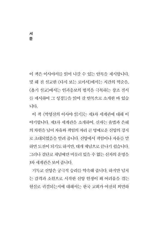 이 책은 이사야서를 읽어 나갈 수 있는 안목을 제시합니다. 몇 해 전 설교한 《다시 보는 로마서》에서는 시간의 역순을 설명했고, 《욥기 설교》에서는 인과응보의 법칙을 극복하는 창조 질서를 제시하여 그 성경들을 읽어 갈 안목으로 소개한 바 있습니다.
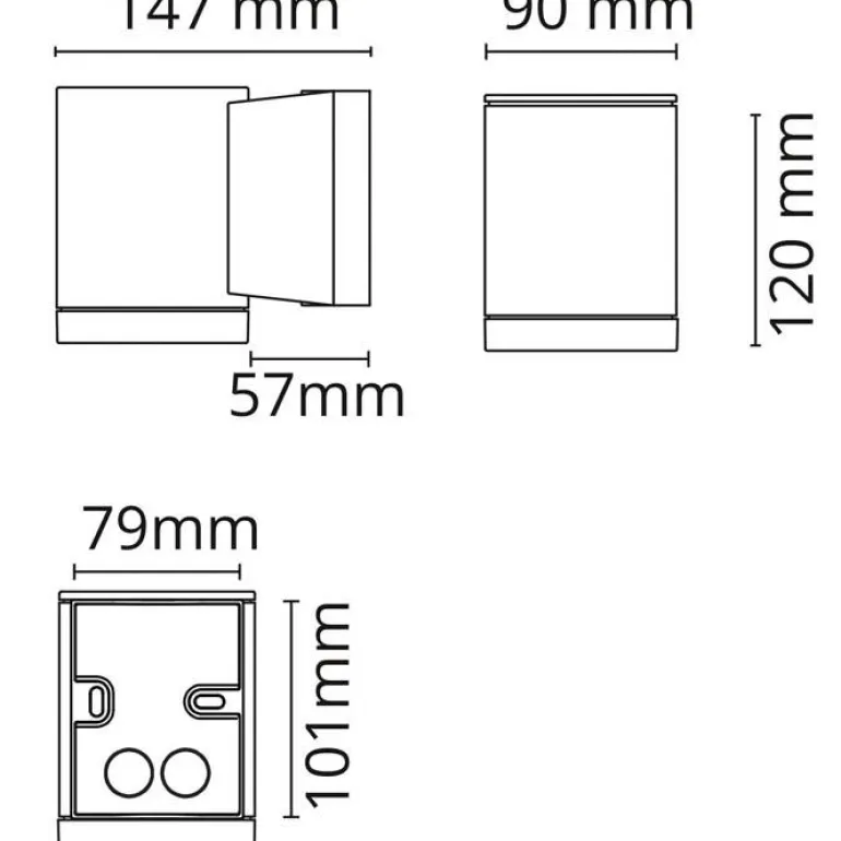 4,5 W:n lieriömäinen seinävalaisin valualumiinista, kirkas lasi, varustettu himmennettävällä GU10-kantaisella LED-valonlähteellä. Värilämpötila 2700 K, valovirta 180 lm ja hajontakulma 35°. Energialuokka A, IP65 ja IK07.
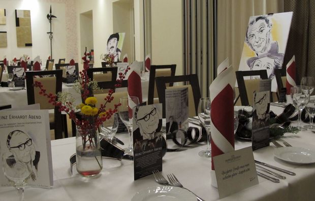 Bei Deinem Heinz Erhardt Abend erwartet Dich zunächst ein Begrüßungsgetränk, bei dem Du Dich in stimmungsvollem Ambiente auf die nächsten vier Stunden einstimmen kannst. Nippe an Deinem Glas und freue Dich auf einen Abend voller Genuss und Erinnerungen an einen großartigen Künstler. Genieße dabei ein feines 3-Gänge-Menü und erfreue Dich an einem außergewöhnlichen Unterhaltungsprogramm, das diesen Abend mit Sicherheit zu einem unvergesslichen Erlebnis macht. Lehne Dich entspannt auf Deinem Stuhl zurück und genieße die amüsante Unterhaltungsshow in Kombination mit einem leckeren 3-Gänge-Menü, das Deinen Gaumen zum Staunen bringen wird.
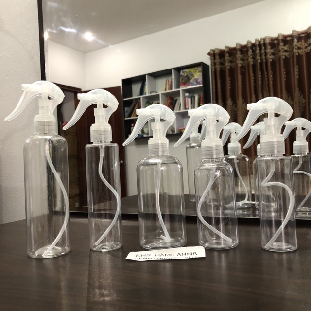 Chai nhựa Pet trong suốt 500ml/ 300ml/ 200ml/ 250ml/ 150ml/ 100ml- vỏ Chai nhựa trong suốt vòi nhấn, xịt sương, nắp đen
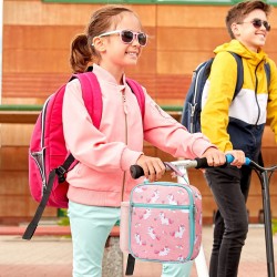 Insulated Lunch Box Bag for Girls, Portable Reusable Toddler Lunch Cooler Bag for School, Water-resistant Lining(Pink, Unicorns)
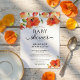 Elegant Summer Golden Poppy Baby Shower Invitations. Delicate watercolor poppies frame the edges of this summery baby shower invitation. Easily customise to change the year, names, fonts, etc. Please contact us at cedarandstring@gmail.com if you need assistance with the design or matching products.
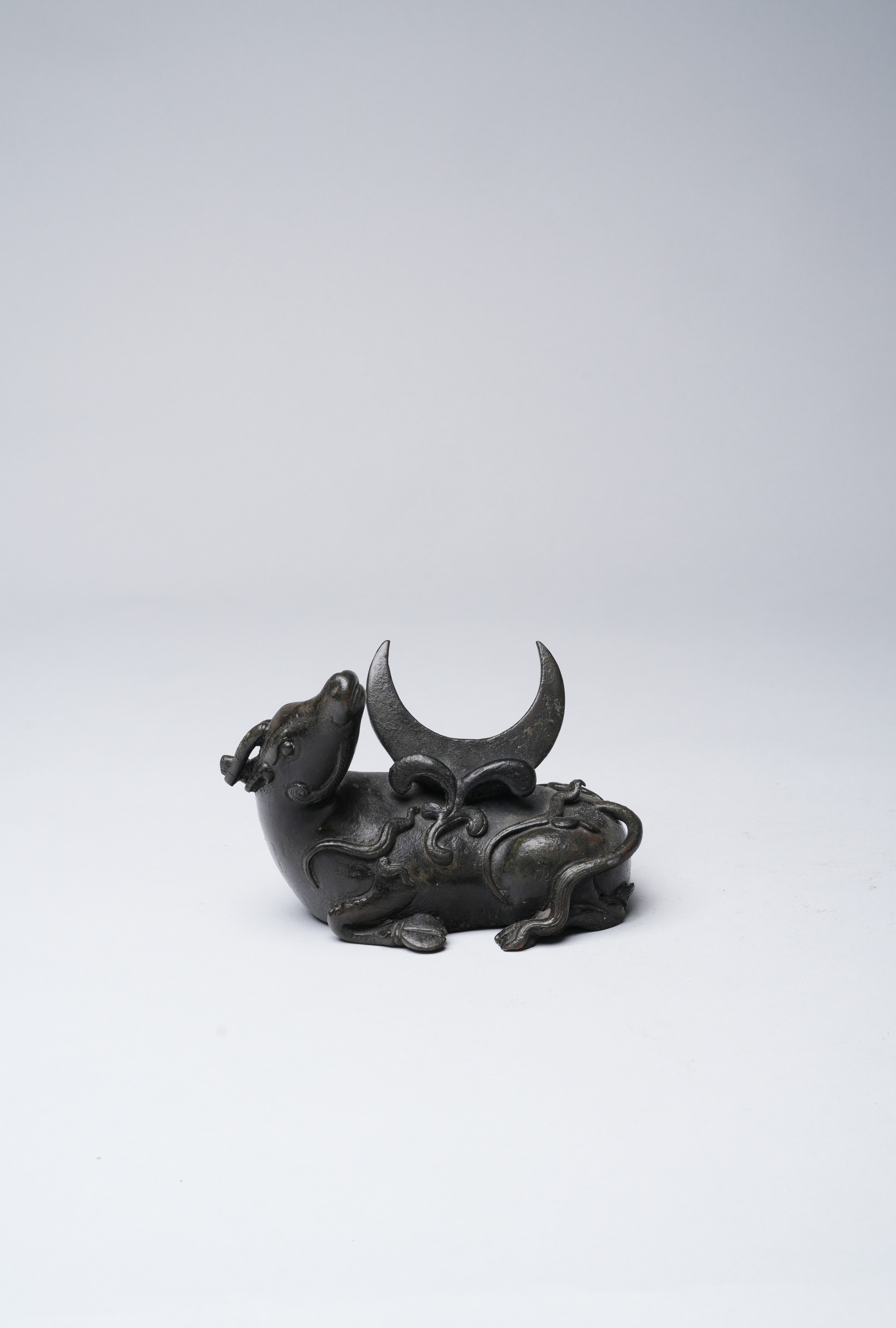 The recumbent horned beast with its head raised and turned to the rear, bearing a crescent-form receptacle on its back, with a scrolling cloud panel to the front, with a paper label for the Finer Collection 'CB 109', 831g, 16.5cm.
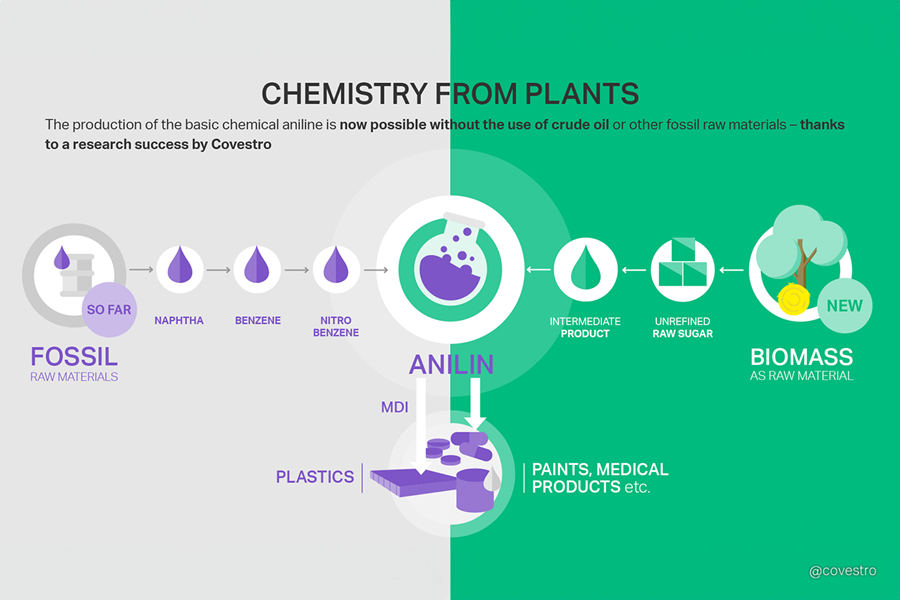 The process, which has already won several awards, leads to a significantly improved CO2 footprint of the aniline compared to conventional technology. Industrial (“white”) biotechnology also comes into play. A tailor-made microorganism helps convert an industrial sugar obtained from plants into an intermediate product through fermentation. In a further step, this is then converted into aniline, which consists of one hundred percent vegetable carbon. The new technology thus contributes to the circular economy, to which Covestro is fully aligned.
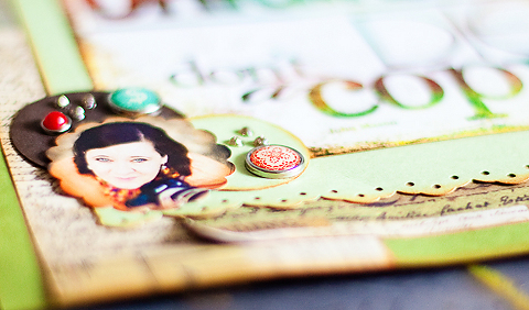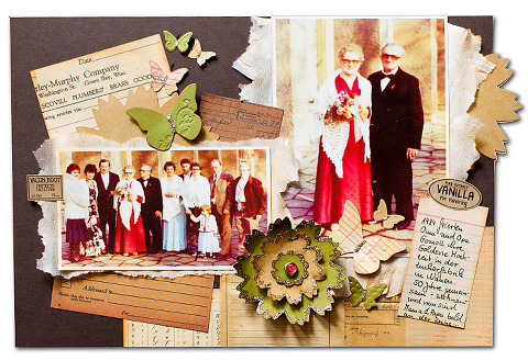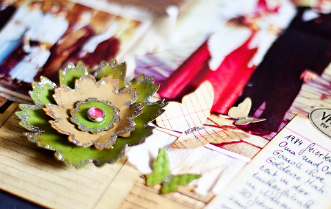 Papier & Sticker: 7 Gypsies “Camden”, Cardstock & Motivstanzer: Stampin’ Up!; Blumen: Prima Marketing; Brads: MME “Stella Rose”
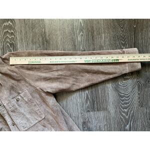 Vintage Perry Ellis Suede Leather Tan Brown Button Up Jacket Shirt Mens Large
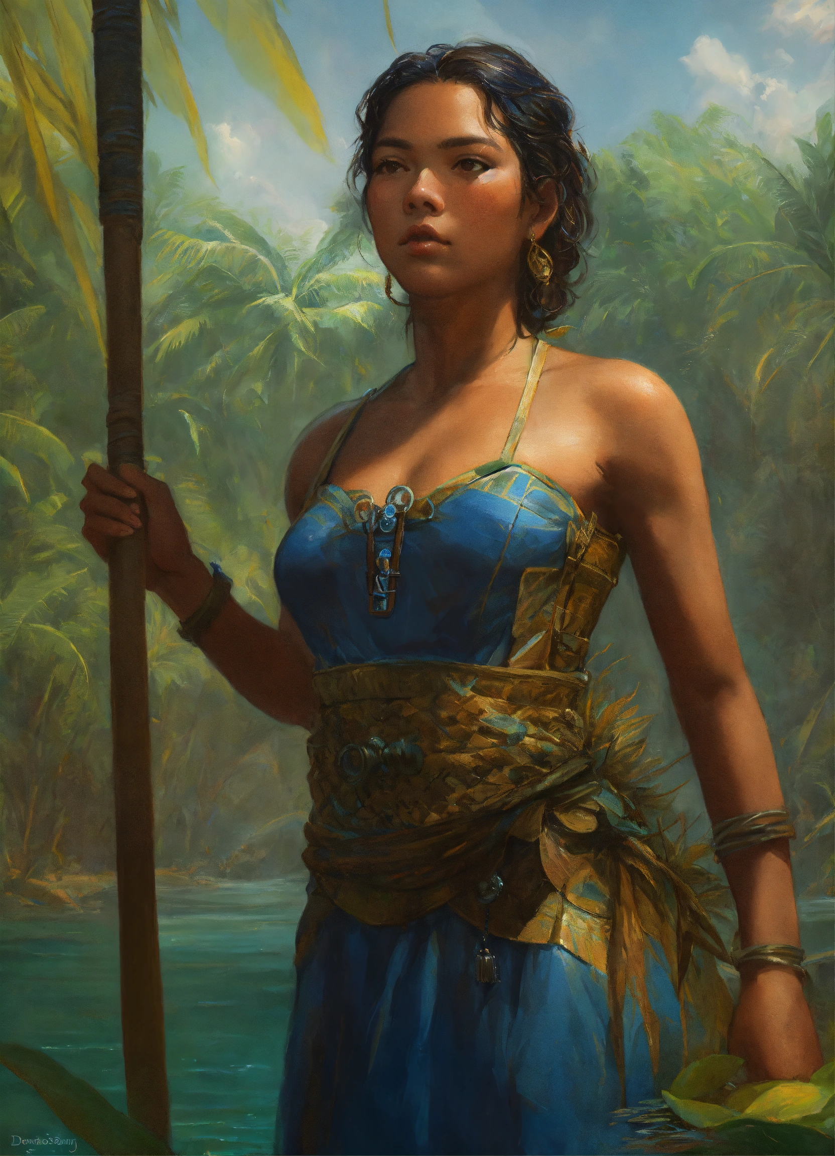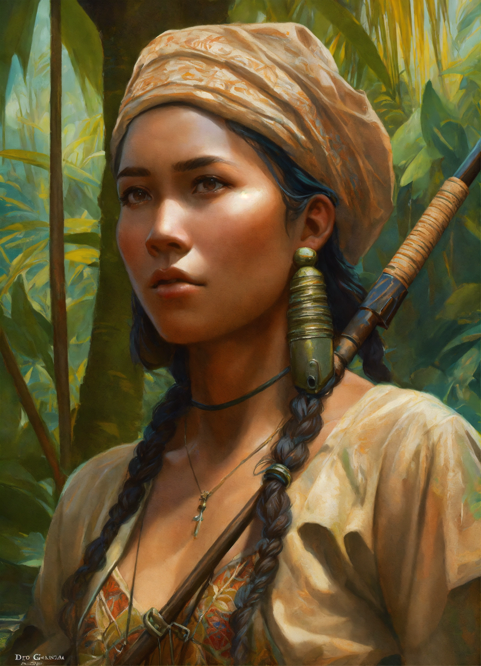 Close up, male filipino fisherwoman standing up on the jungle, epic, dramatic, intrincate, bahamas, 16th century, colonial, highly detailed, art by donato giancola and james gurney, digital art, trending on artstation, pinterest.
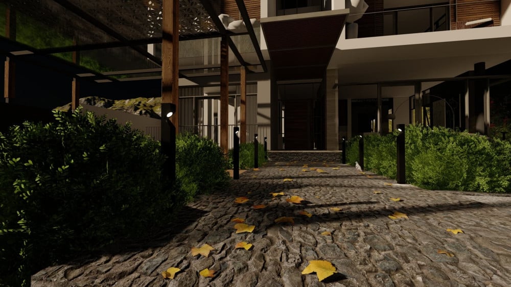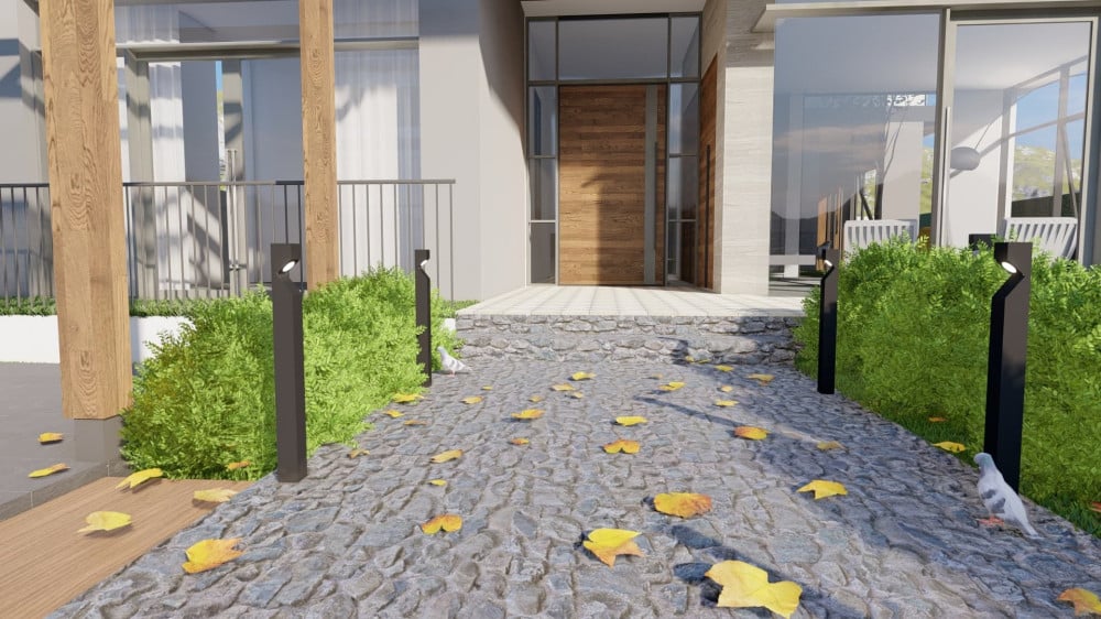 تصميم هندسي عصري بشكل مربع مائل يمنح لمسة ديكورية ويضيء الممرات والحدائق بإضاءة صفراء دافئة.
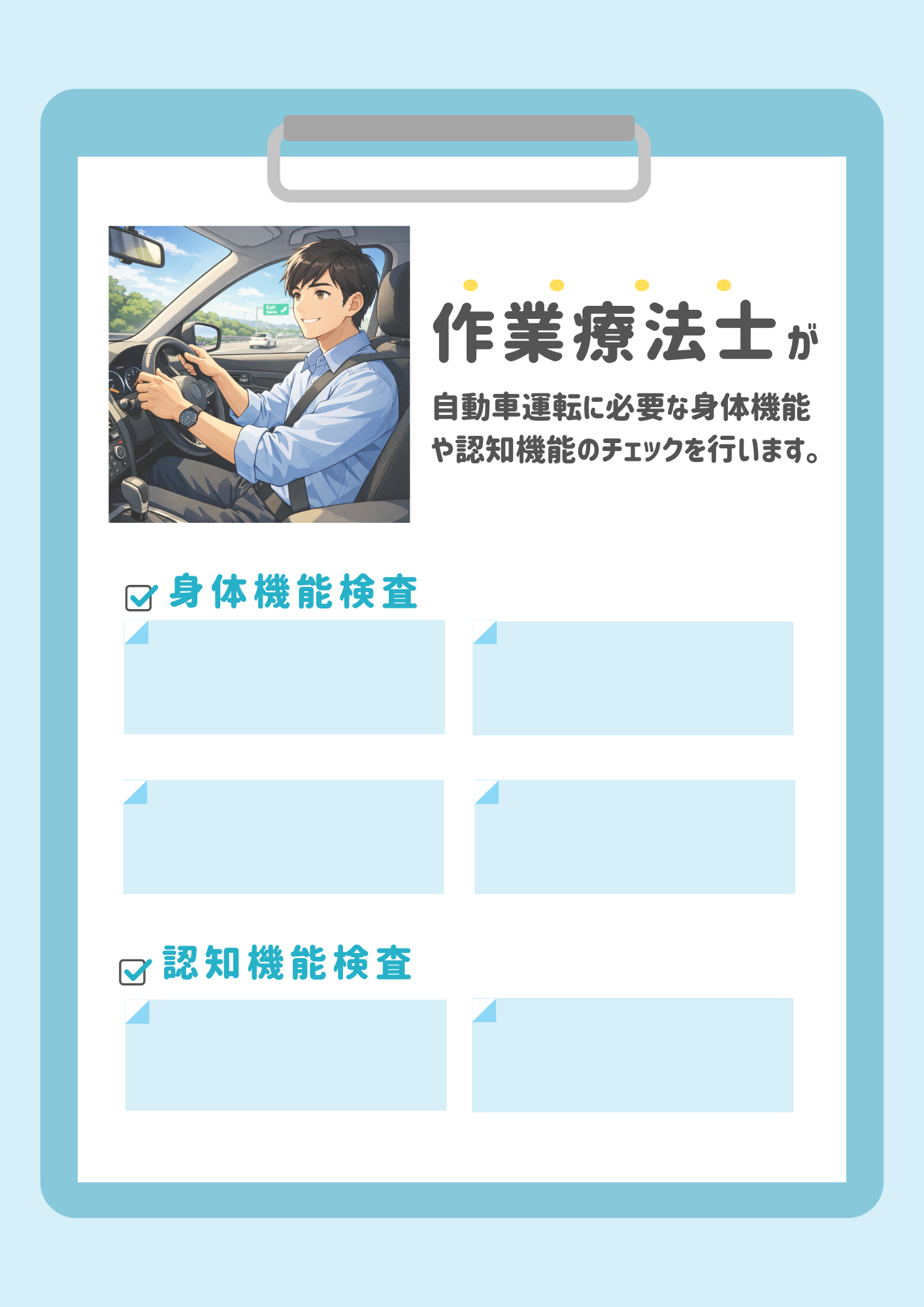 ・運転力チェック(自動車運転に必要な身体の動きや、注意力などをチェックできます)
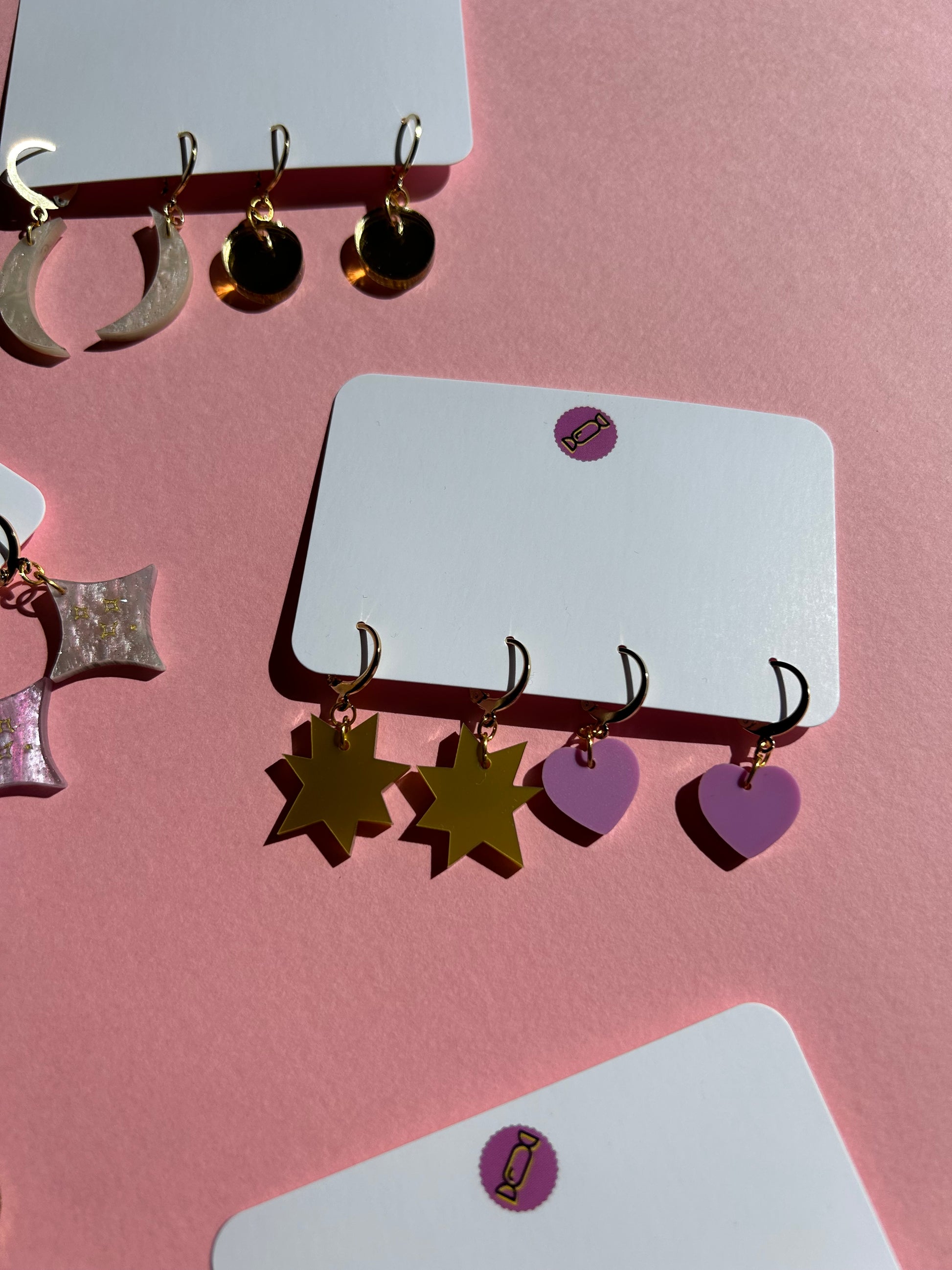 These duo sets are made from laser cut acrylic charms on lever back gold metal hoops. The sets are as follows:

◆ **EXERCISE**:
The entire listing is to be printed exactly, with each picture omitted.

◆ **ANSWER FOR THE TASK**:
 이 책은 이사야서를 읽어 나갈 수 있는 안목을 제시합니다. 몇 해 전 설교한 《다시 보는 로마서》에서는 시간의 역순을 설명했고, 《욥기 설교》에서는 인과응보의 법칙을 극복하는 창조 질서를 제시하여 그 성경들을 읽어 갈 안목으로 소개한 바 있습니다.
 4,5 W:n lieriömäinen seinävalaisin valualumiinista, kirkas lasi, varustettu himmennettävällä GU10-kantaisella LED-valonlähteellä. Värilämpötila 2700 K, valovirta 180 lm ja hajontakulma 35°. Energialuokka A, IP65 ja IK07.
 Bei Deinem Heinz Erhardt Abend erwartet Dich zunächst ein Begrüßungsgetränk, bei dem Du Dich in stimmungsvollem Ambiente auf die nächsten vier Stunden einstimmen kannst. Nippe an Deinem Glas und freue Dich auf einen Abend voller Genuss und Erinnerungen an einen großartigen Künstler. Genieße dabei ein feines 3-Gänge-Menü und erfreue Dich an einem außergewöhnlichen Unterhaltungsprogramm, das diesen Abend mit Sicherheit zu einem unvergesslichen Erlebnis macht. Lehne Dich entspannt auf Deinem Stuhl zurück und genieße die amüsante Unterhaltungsshow in Kombination mit einem leckeren 3-Gänge-Menü, das Deinen Gaumen zum Staunen bringen wird.
 Chai nhựa Pet trong suốt 500ml/ 300ml/ 200ml/ 250ml/ 150ml/ 100ml- vỏ Chai nhựa trong suốt vòi nhấn, xịt sương, nắp đen
 Insulated Lunch Box Bag for Girls, Portable Reusable Toddler Lunch Cooler Bag for School, Water-resistant Lining(Pink, Unicorns)
 Elegant Summer Golden Poppy Baby Shower Invitations. Delicate watercolor poppies frame the edges of this summery baby shower invitation. Easily customise to change the year, names, fonts, etc. Please contact us at cedarandstring@gmail.com if you need assistance with the design or matching products.
 The recumbent horned beast with its head raised and turned to the rear, bearing a crescent-form receptacle on its back, with a scrolling cloud panel to the front, with a paper label for the Finer Collection 'CB 109', 831g, 16.5cm.
 The process, which has already won several awards, leads to a significantly improved CO2 footprint of the aniline compared to conventional technology. Industrial (“white”) biotechnology also comes into play. A tailor-made microorganism helps convert an industrial sugar obtained from plants into an intermediate product through fermentation. In a further step, this is then converted into aniline, which consists of one hundred percent vegetable carbon. The new technology thus contributes to the circular economy, to which Covestro is fully aligned.
 Papier & Sticker: 7 Gypsies “Camden”, Cardstock & Motivstanzer: Stampin’ Up!; Blumen: Prima Marketing; Brads: MME “Stella Rose”
 Vintage Perry Ellis Suede Leather Tan Brown Button Up Jacket Shirt Mens Large
 Close up, male filipino fisherwoman standing up on the jungle, epic, dramatic, intrincate, bahamas, 16th century, colonial, highly detailed, art by donato giancola and james gurney, digital art, trending on artstation, pinterest.
 تصميم هندسي عصري بشكل مربع مائل يمنح لمسة ديكورية ويضيء الممرات والحدائق بإضاءة صفراء دافئة.
 ・運転力チェック(自動車運転に必要な身体の動きや、注意力などをチェックできます)
 These duo sets are made from laser cut acrylic charms on lever back gold metal hoops. The sets are as follows:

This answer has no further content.